_WHAT YOU HAVE TO DO_
Copy, word for word, the line containing "For example, we" and each line that follows it in the entries below; pictures do not belong in the copy.

(STUDY MATERIAL)

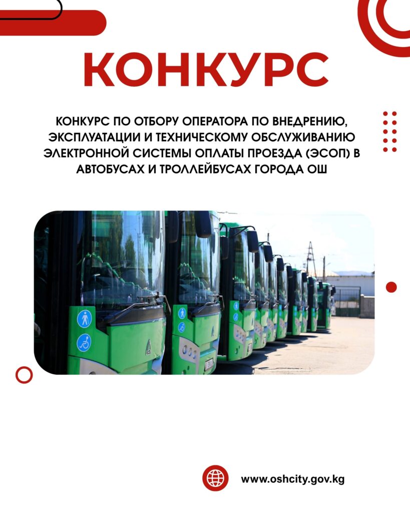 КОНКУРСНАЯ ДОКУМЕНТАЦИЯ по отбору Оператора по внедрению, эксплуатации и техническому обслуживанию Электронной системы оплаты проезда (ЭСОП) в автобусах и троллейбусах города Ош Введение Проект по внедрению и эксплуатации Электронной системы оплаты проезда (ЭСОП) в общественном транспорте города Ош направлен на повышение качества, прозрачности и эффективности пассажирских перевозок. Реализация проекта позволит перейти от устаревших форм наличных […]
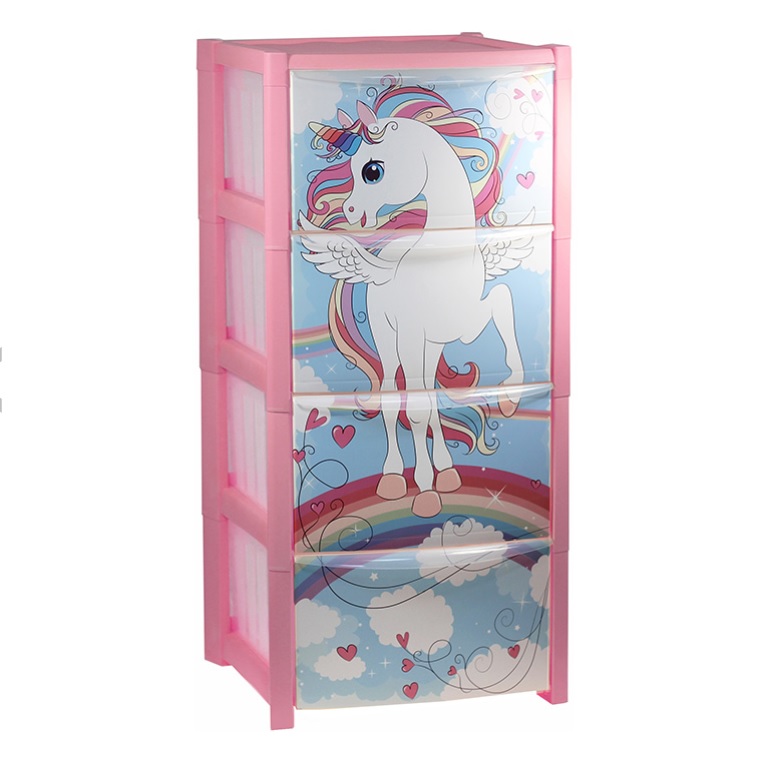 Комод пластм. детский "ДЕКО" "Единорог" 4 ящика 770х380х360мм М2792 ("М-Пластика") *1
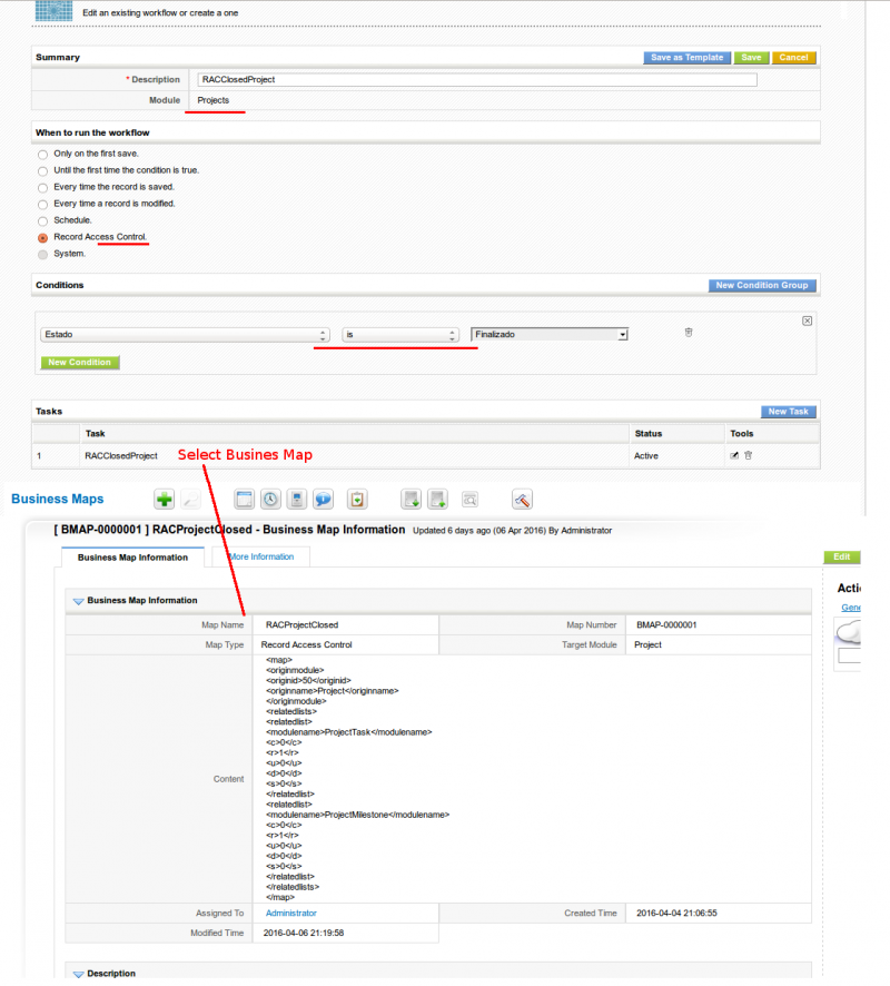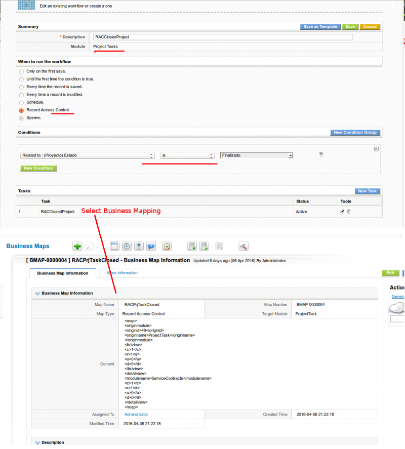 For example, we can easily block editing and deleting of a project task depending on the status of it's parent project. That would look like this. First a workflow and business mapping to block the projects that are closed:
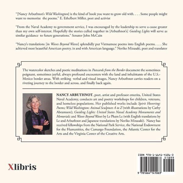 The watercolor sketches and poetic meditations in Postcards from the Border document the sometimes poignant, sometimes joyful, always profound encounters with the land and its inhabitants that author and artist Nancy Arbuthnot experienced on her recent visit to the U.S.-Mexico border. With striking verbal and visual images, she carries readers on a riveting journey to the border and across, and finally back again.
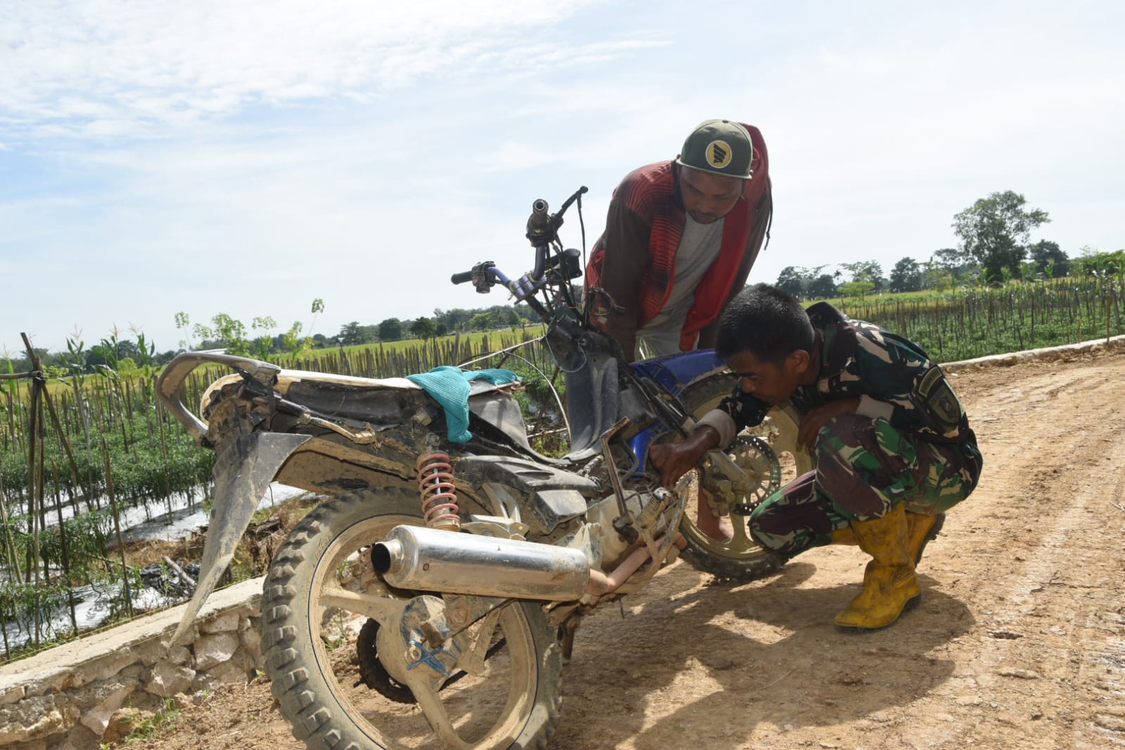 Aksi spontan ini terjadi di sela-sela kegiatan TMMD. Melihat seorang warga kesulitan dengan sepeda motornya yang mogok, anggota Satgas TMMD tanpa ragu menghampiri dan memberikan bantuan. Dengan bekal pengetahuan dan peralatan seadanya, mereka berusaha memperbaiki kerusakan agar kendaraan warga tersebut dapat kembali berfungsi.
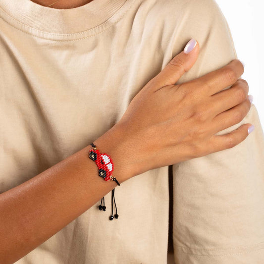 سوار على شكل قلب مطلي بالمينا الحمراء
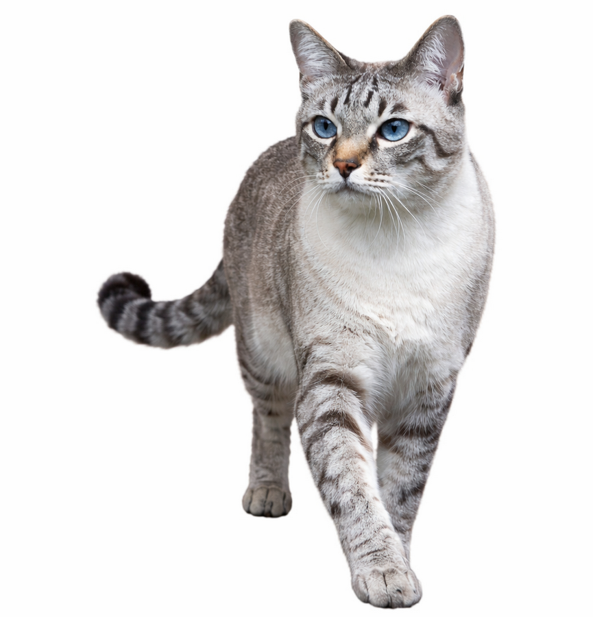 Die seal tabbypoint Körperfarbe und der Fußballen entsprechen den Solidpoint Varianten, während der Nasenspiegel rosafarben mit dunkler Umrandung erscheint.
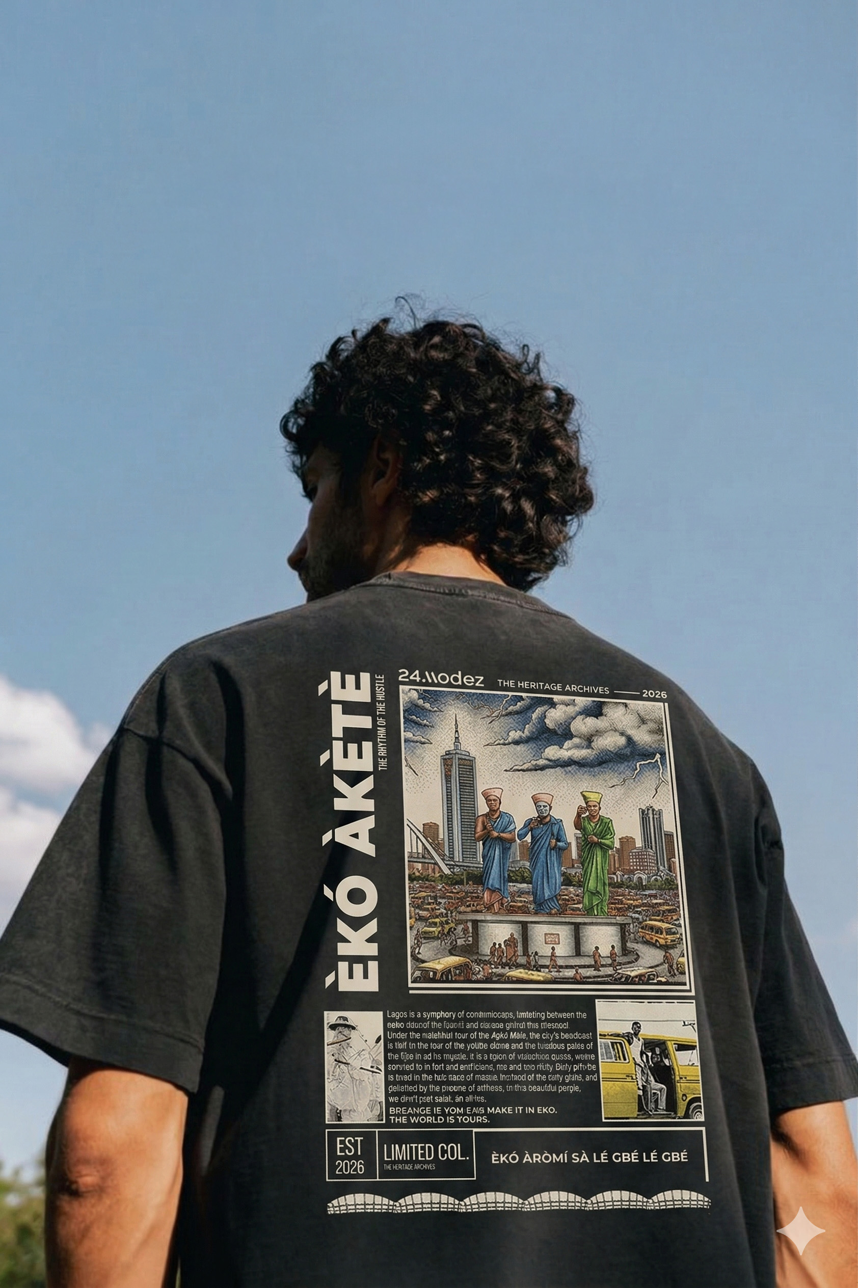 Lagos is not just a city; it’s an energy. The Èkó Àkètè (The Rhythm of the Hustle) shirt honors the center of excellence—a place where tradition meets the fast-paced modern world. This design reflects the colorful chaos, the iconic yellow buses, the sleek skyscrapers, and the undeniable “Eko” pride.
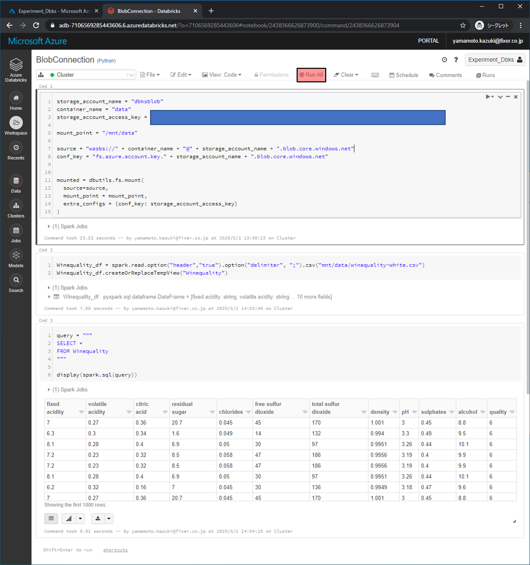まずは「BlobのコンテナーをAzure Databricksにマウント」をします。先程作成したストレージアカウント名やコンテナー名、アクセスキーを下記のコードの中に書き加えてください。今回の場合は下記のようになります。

(End STUDY MATERIAL)

_EXERCISE ANSWER_
 For example, we can easily block editing and deleting of a project task depending on the status of it's parent project. That would look like this. First a workflow and business mapping to block the projects that are closed:
 The watercolor sketches and poetic meditations in Postcards from the Border document the sometimes poignant, sometimes joyful, always profound encounters with the land and its inhabitants that author and artist Nancy Arbuthnot experienced on her recent visit to the U.S.-Mexico border. With striking verbal and visual images, she carries readers on a riveting journey to the border and across, and finally back again.
 Aksi spontan ini terjadi di sela-sela kegiatan TMMD. Melihat seorang warga kesulitan dengan sepeda motornya yang mogok, anggota Satgas TMMD tanpa ragu menghampiri dan memberikan bantuan. Dengan bekal pengetahuan dan peralatan seadanya, mereka berusaha memperbaiki kerusakan agar kendaraan warga tersebut dapat kembali berfungsi.
 سوار على شكل قلب مطلي بالمينا الحمراء
 Die seal tabbypoint Körperfarbe und der Fußballen entsprechen den Solidpoint Varianten, während der Nasenspiegel rosafarben mit dunkler Umrandung erscheint.
 Lagos is not just a city; it’s an energy. The Èkó Àkètè (The Rhythm of the Hustle) shirt honors the center of excellence—a place where tradition meets the fast-paced modern world. This design reflects the colorful chaos, the iconic yellow buses, the sleek skyscrapers, and the undeniable “Eko” pride.
まずは「BlobのコンテナーをAzure Databricksにマウント」をします。先程作成したストレージアカウント名やコンテナー名、アクセスキーを下記のコードの中に書き加えてください。今回の場合は下記のようになります。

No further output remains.